▶ _WORK ORDER_: Within the entries below, please retype exactly the lines starting with the line that has "14k Oro Rosa" and going on through the line that has "Koyu Bordo Super", but not the pictures.

▶ _SUPPLIED INFORMATION_:
━━━━━━━━━━━━━━━━━━━━

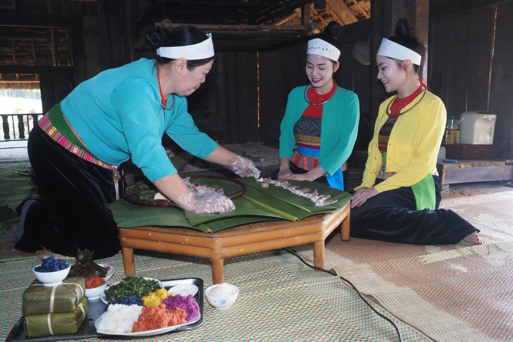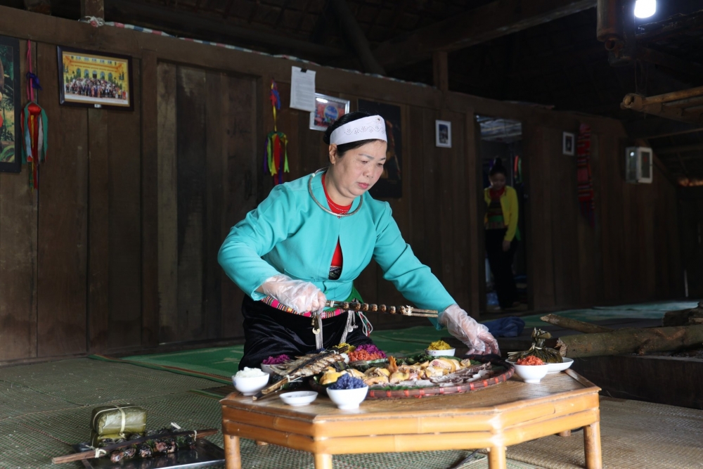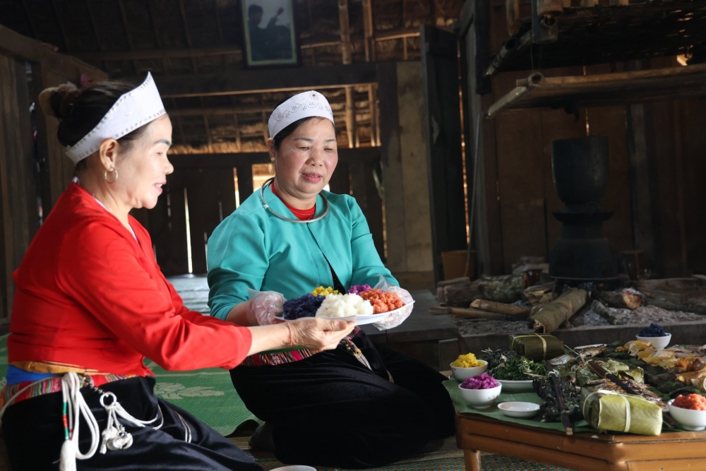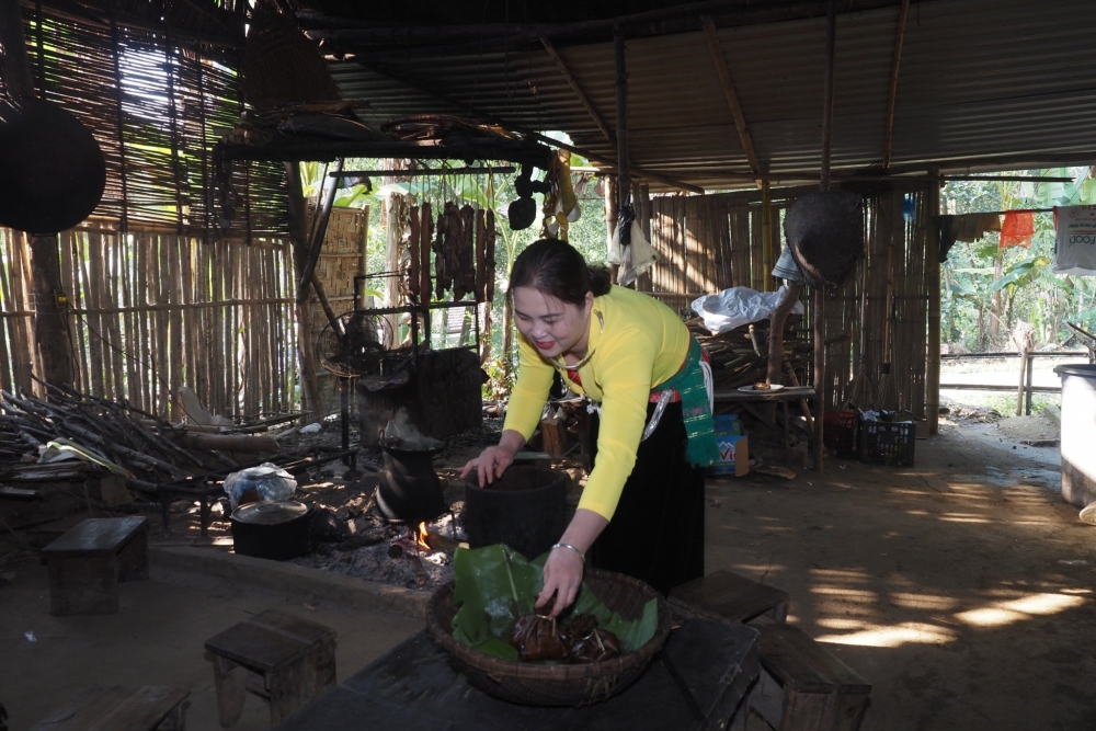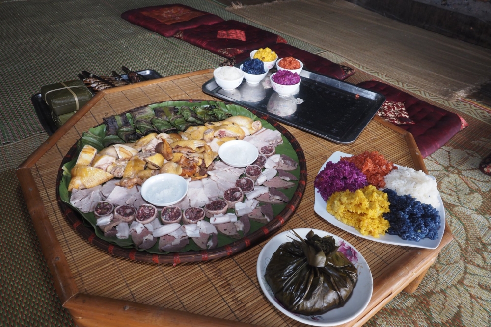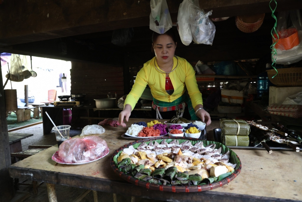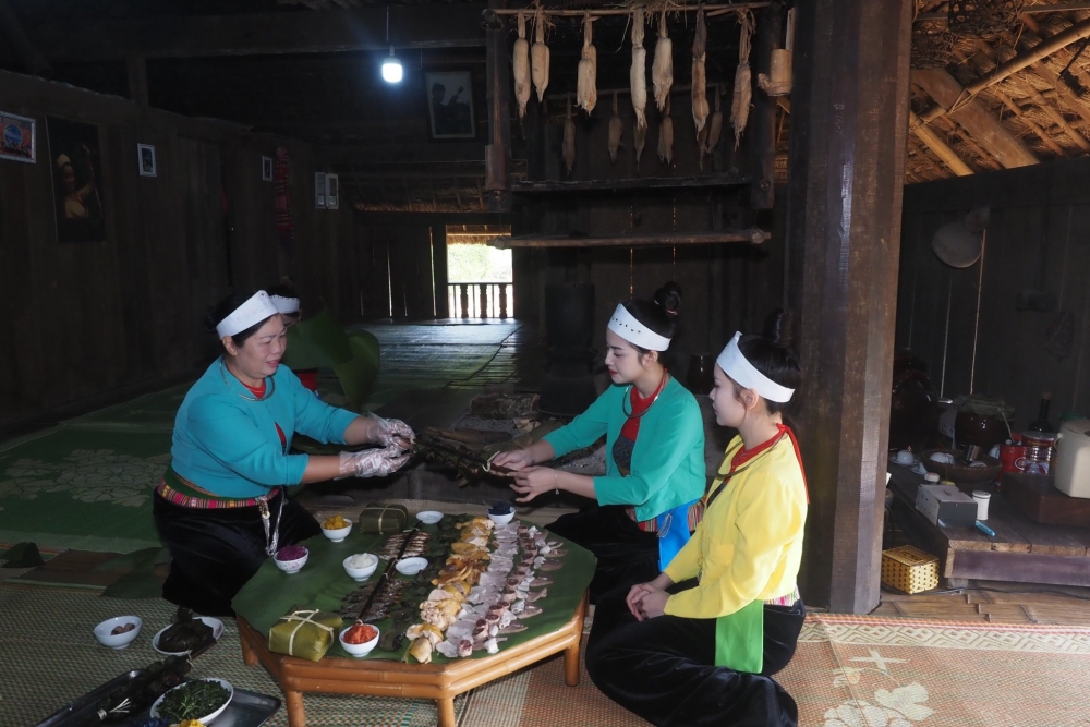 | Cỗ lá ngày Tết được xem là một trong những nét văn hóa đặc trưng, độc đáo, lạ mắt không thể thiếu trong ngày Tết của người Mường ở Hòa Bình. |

━━━━━━━━━━━━━━━━━━━━

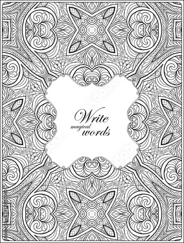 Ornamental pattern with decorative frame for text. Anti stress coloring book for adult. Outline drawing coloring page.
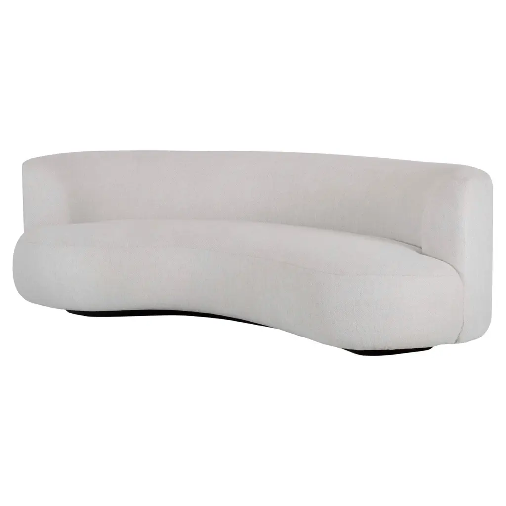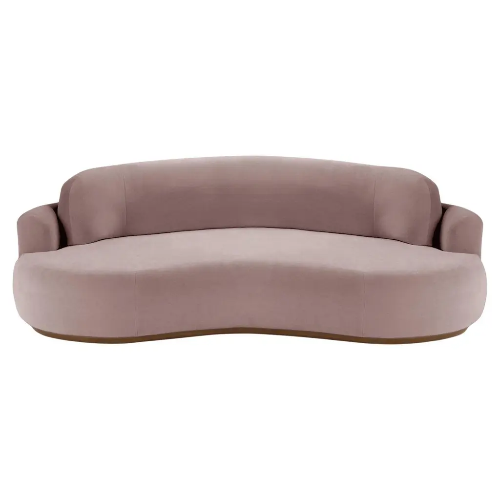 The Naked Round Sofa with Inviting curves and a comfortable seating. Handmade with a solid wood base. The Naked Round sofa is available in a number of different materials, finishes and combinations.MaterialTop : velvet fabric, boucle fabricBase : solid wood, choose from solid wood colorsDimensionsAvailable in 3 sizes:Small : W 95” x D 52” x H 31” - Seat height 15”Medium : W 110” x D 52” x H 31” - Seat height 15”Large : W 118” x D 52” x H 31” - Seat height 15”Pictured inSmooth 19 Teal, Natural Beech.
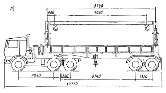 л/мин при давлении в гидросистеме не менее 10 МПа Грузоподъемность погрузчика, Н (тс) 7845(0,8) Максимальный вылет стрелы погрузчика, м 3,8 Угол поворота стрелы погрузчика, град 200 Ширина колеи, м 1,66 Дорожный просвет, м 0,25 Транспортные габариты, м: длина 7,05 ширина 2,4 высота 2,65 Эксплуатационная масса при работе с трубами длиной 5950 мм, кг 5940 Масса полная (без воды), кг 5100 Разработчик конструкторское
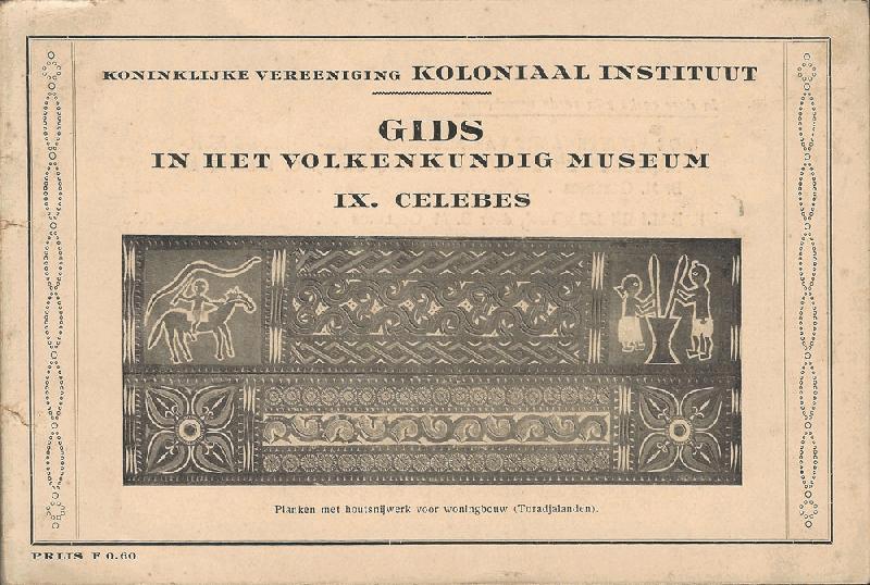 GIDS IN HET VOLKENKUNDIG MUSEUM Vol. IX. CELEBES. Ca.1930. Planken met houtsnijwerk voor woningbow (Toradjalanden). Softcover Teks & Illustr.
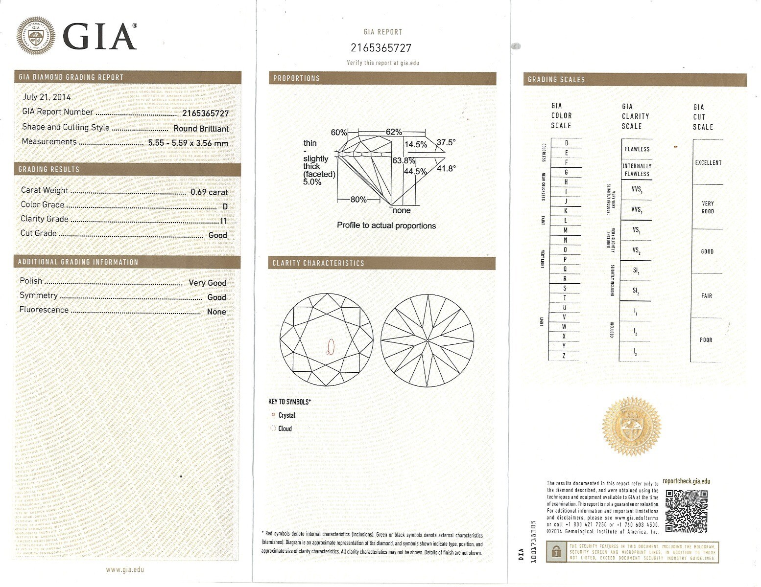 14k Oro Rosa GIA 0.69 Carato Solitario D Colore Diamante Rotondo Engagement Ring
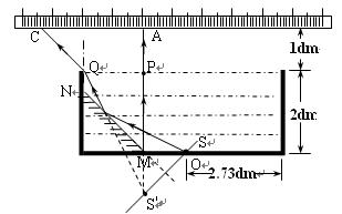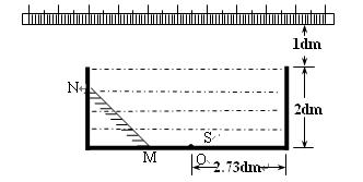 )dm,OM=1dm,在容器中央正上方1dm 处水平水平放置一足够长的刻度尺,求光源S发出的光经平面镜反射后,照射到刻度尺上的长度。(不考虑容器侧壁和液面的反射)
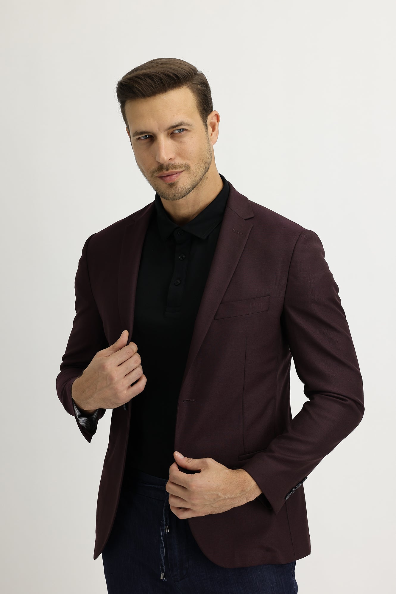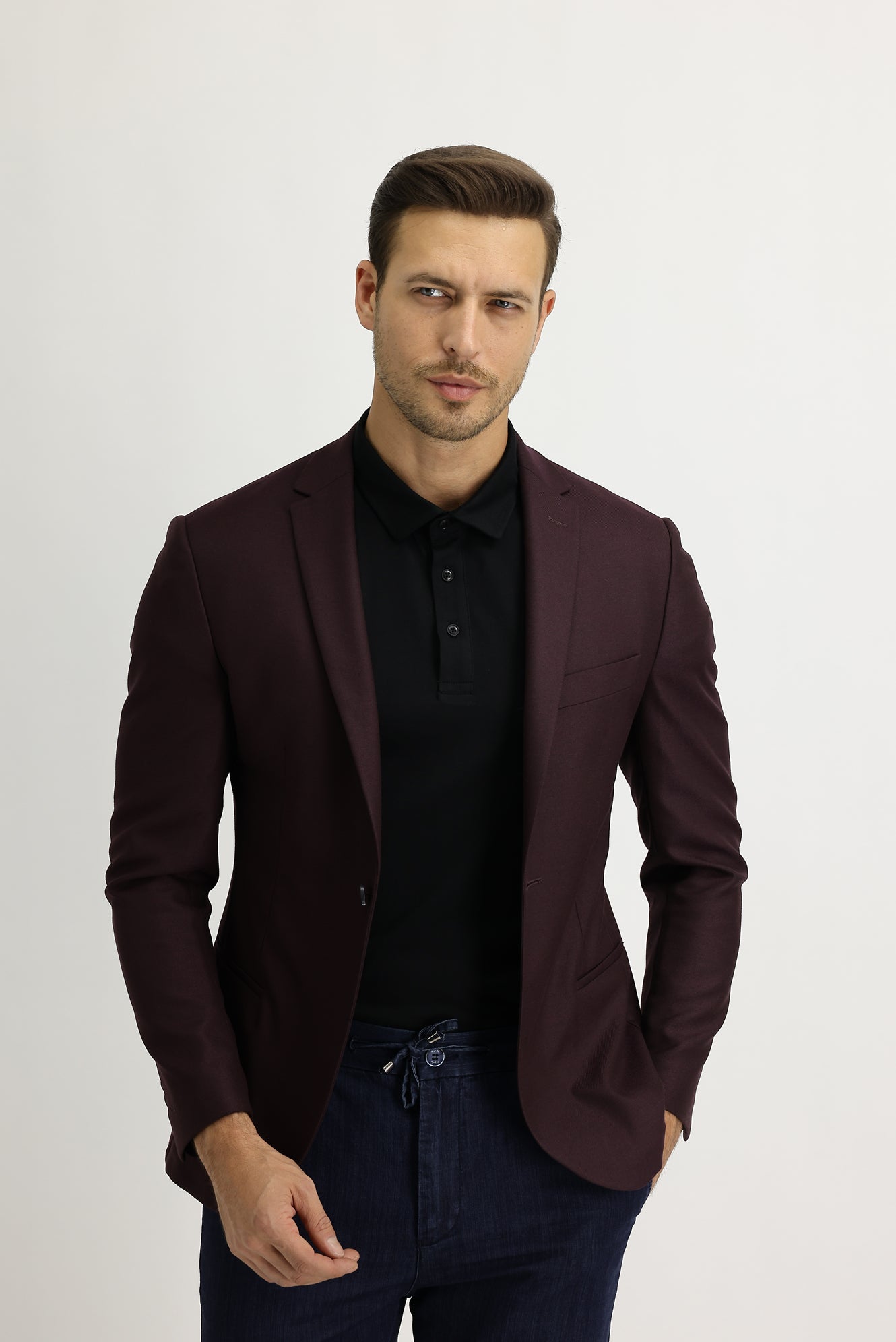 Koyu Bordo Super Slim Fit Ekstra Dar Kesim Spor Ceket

━━━━━━━━━━━━━━━━━━━━

▶ _EXPECTED ANSWER_:
 14k Oro Rosa GIA 0.69 Carato Solitario D Colore Diamante Rotondo Engagement Ring
 )dm,OM=1dm,在容器中央正上方1dm 处水平水平放置一足够长的刻度尺,求光源S发出的光经平面镜反射后,照射到刻度尺上的长度。(不考虑容器侧壁和液面的反射)
 Koyu Bordo Super Slim Fit Ekstra Dar Kesim Spor Ceket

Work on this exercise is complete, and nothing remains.